Use standard, not specialized, file and problem formats

Use standard, not specialized, file and problem formats

In The Cathedral and the Bazaar, Eric S. Raymond discusses two models of code development. He calls these the Cathedral and the Bazaar. The former occurs when a closed group of developers works on a code, whereas in the Bazaar, anyone who has an idea can contribute. As suggested by the name, the latter is a more vibrant model and can adapt quickly to changes. The book was published in the 1990s, and, since then, the Bazaar model has become almost synonymous with open source code, especially since the likes of Github easily enable community code contributions.

I believe the idea goes beyond development style. Even if a geoscience code is open source and its repository is on Github, contributions from non-geoscientists are unlikely. Development is thus still limited to a closed community, like the Cathedral. It may feel like there are a lot of people working in geoscience, especially when you are at the AGU or SEG annual meeting, but limiting development to this group excludes many capable people and reduces the diversity of contributors. With more effort to use tools, techniques, and ways of posing our problems that are common outside our discipline, we might be able to improve this.

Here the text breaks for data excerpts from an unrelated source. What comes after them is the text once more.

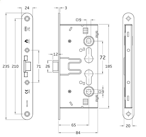 Atstumas nuo priekinės plokštelės iki cilindro centro 65 mm., atstumas tarp rankenos ir cilindro 72 mm.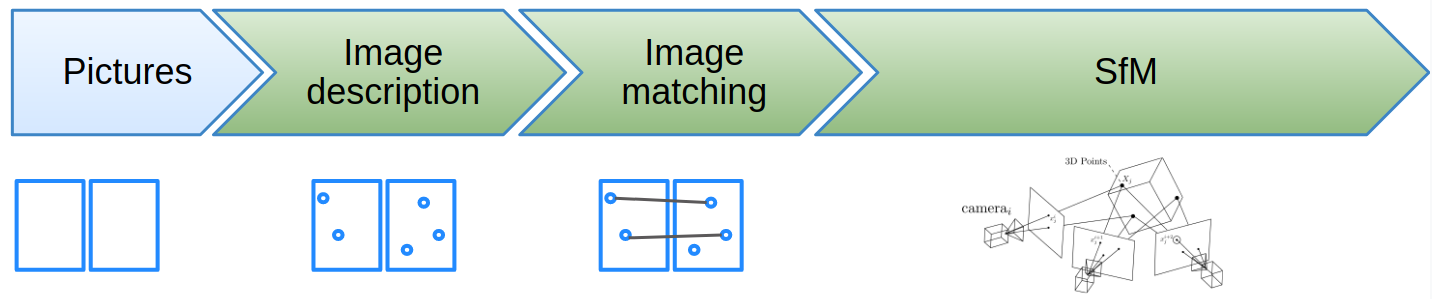 - The pipelines are created by chaining various binaries to compute image matching relation, solve the Structure from Motion problem (reconstruction, triangulation, localization) and ...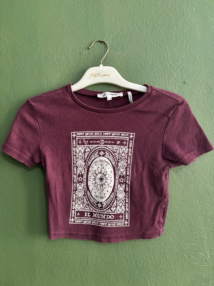 Bordo renkli, baskılı bohem desenli kısa kollu, yuvarlak yakalı, vücuda oturan kumaş tişörttür. Günlük kullanıma uygundur.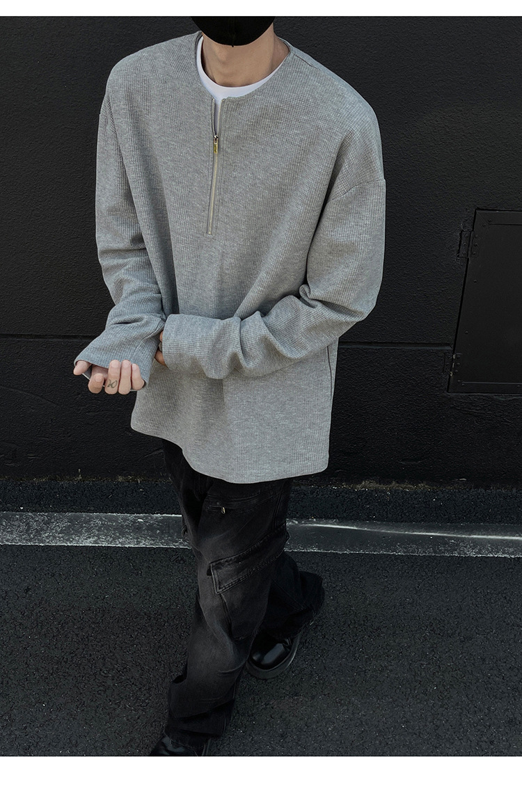 와플 반 지퍼 긴팔 티셔츠 남자 가을 패션 브랜드 미국 스타일 하이 스트리트 라운드 넥 스웨터 느슨한 캐주얼베이스 셔츠

As an example, exploration seismic datasets are often stored in SEG-Y format. There are undoubtedly some advantages to using a specialized format that was designed specifically for our problems, but there are also many disadvantages. An expert in machine learning who has an idea for a new seismic inversion method would need to learn about SEG-Y files and find a tool (from the small range available) for reading them before the idea could be tested. If we instead stored seismic data in a more general and widely used format, such as HDF5, then there would be lower barriers to entry.

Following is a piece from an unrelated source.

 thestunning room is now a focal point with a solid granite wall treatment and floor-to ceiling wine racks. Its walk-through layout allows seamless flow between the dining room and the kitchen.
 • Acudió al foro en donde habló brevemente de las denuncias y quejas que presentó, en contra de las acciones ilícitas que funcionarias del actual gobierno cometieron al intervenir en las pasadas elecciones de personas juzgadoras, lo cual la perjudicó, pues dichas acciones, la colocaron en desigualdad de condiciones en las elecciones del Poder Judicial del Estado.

A lot of geoscience problems involve using measurements to make predictions. Applying an operator, possibly non-linear, to the measurements transforms them into the predictions. In remote sensing applications like seismic imaging, this is obvious, but other problems can also be posed in this way. For example, in seismic interpretation the measurements are the pixel values of the seismic image and the predictions are subsurface structures such as horizons and faults. Applying a neural network classifier to the pixels can transform them into the predictions. The advantage of posing problems in this way is that this is the typical form used in data science. The problem then becomes recognizable to large new groups of researchers and developers, and the tools and techniques developed for other fields can be more easily applied.

Kaggle competitions are an example of what can be achieved when artificial barriers of specialization are removed. Past competitions have ranged from recognizing lung tumors in chest X-ray images, and predicting rainfall quantity using doppler radar data, to identifying a rare decay phenomenon in Large Hadron Collider data. By posing the problems in a standard data science form and using well known data formats, people from diverse backgrounds are able to work on them. I am sure specialists in those areas previously believed it would be impossible for an outsider to quickly start working on their topic, and maybe to even develop a model that outperforms those conventionally used in their discipline.

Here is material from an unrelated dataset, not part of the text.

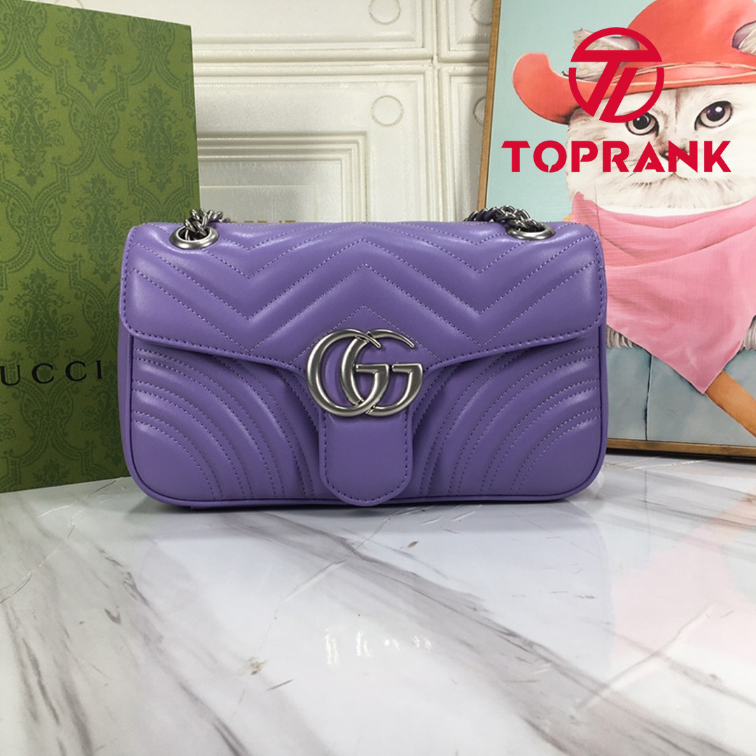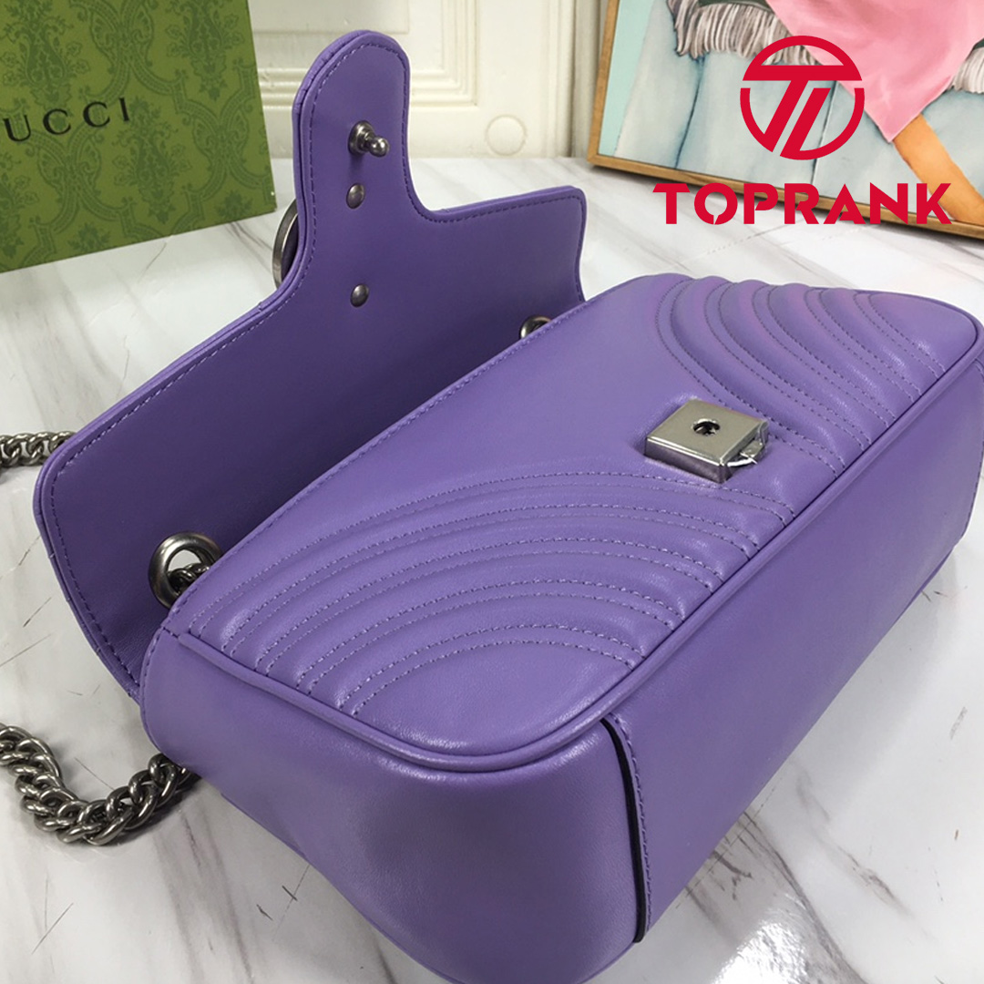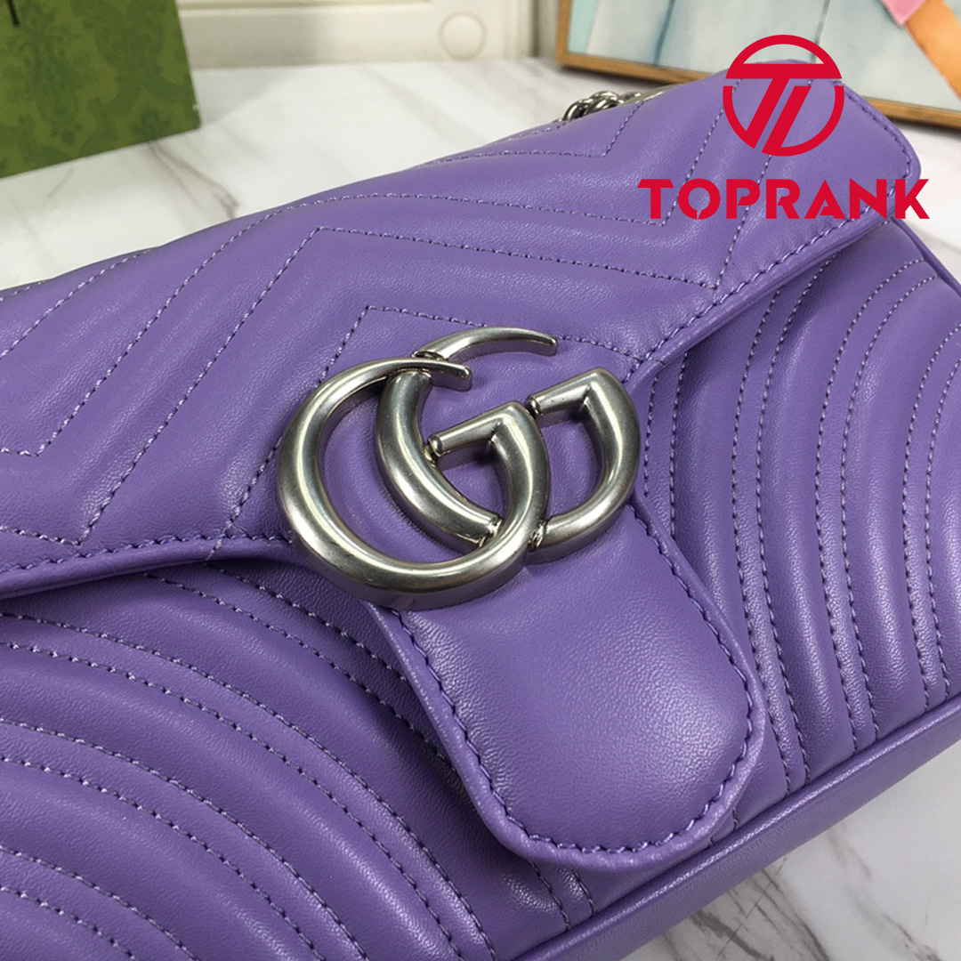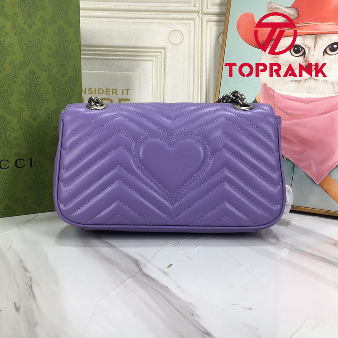 In soft, vibrant hues, pastels continue to be explored throughout the latest collections. Made in matelassé chevron leather with a heart on the back in a light shade of lilac the now recognizable small GG Marmont chain shoulder bag has a softly structured shape and a flap closure with Double G hardware. Designed to be worn multiple ways, the chain strap slides to change between a shoulder and a top handle bag.

Using standard, rather than specialized, approaches is not only healthy for the field, but also benefits geoscience developers. I previously alluded to the paucity of SEG-Y tools. Anyone who has worked with this format has probably experienced the frustration of trying to use them. With a small target market, it is unlikely that the situation will ever dramatically improve. The solution is to switch to a more widely used format, thus benefiting from a larger community of tool developers.

Let us avoid the isolationist Cathedral model that leads to stale code, and instead embrace the Bazaar.